◆ WHAT YOU HAVE TO DO: Without the images, print every line of the material below exactly as given.

◆ DATA EXTRACT:
━━━━━━━━

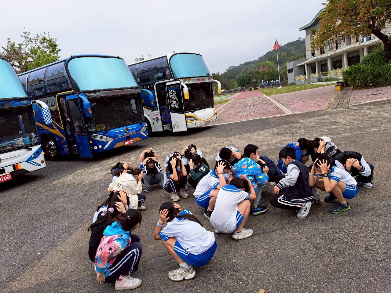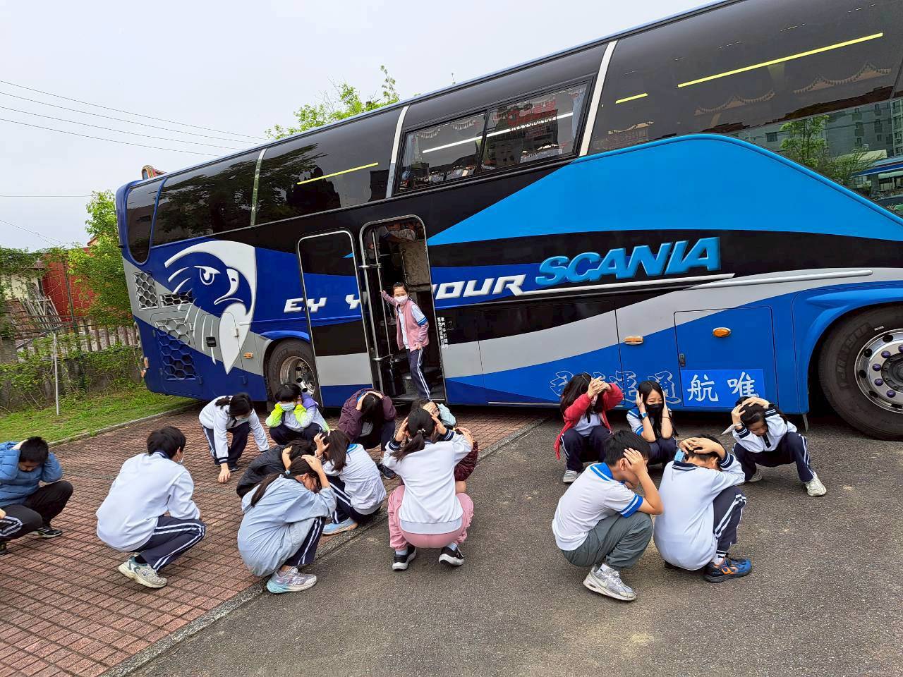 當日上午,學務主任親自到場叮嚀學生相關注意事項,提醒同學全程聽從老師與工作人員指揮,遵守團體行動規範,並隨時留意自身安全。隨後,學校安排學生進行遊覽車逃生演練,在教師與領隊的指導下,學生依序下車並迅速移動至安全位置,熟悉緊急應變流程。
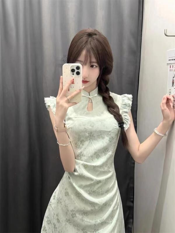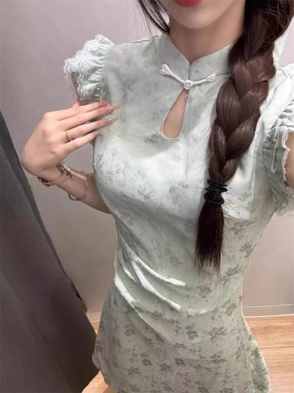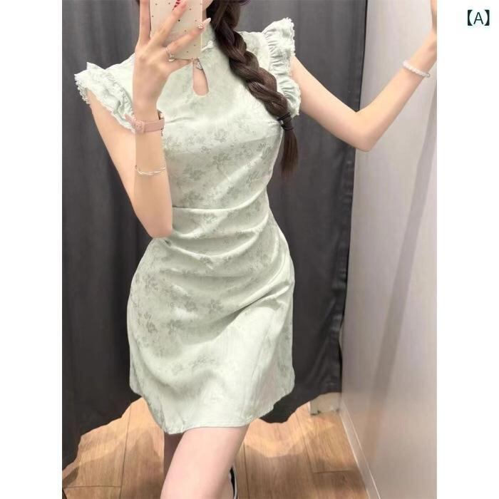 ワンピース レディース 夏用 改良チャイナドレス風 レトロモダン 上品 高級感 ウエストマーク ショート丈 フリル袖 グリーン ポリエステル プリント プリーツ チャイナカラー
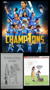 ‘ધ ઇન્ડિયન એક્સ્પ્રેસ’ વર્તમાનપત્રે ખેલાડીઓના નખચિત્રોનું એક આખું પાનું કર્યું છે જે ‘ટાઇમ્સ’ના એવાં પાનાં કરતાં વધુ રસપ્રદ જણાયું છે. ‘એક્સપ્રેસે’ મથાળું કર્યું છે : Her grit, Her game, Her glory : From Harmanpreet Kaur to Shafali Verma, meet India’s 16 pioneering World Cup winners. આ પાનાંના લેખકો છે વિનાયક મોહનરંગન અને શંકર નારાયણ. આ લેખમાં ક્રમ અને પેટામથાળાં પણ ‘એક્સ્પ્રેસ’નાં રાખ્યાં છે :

━━━━━━━━

◆ ANSWER FOR THE TASK:
 當日上午,學務主任親自到場叮嚀學生相關注意事項,提醒同學全程聽從老師與工作人員指揮,遵守團體行動規範,並隨時留意自身安全。隨後,學校安排學生進行遊覽車逃生演練,在教師與領隊的指導下,學生依序下車並迅速移動至安全位置,熟悉緊急應變流程。
 ワンピース レディース 夏用 改良チャイナドレス風 レトロモダン 上品 高級感 ウエストマーク ショート丈 フリル袖 グリーン ポリエステル プリント プリーツ チャイナカラー
 ‘ધ ઇન્ડિયન એક્સ્પ્રેસ’ વર્તમાનપત્રે ખેલાડીઓના નખચિત્રોનું એક આખું પાનું કર્યું છે જે ‘ટાઇમ્સ’ના એવાં પાનાં કરતાં વધુ રસપ્રદ જણાયું છે. ‘એક્સપ્રેસે’ મથાળું કર્યું છે : Her grit, Her game, Her glory : From Harmanpreet Kaur to Shafali Verma, meet India’s 16 pioneering World Cup winners. આ પાનાંના લેખકો છે વિનાયક મોહનરંગન અને શંકર નારાયણ. આ લેખમાં ક્રમ અને પેટામથાળાં પણ ‘એક્સ્પ્રેસ’નાં રાખ્યાં છે :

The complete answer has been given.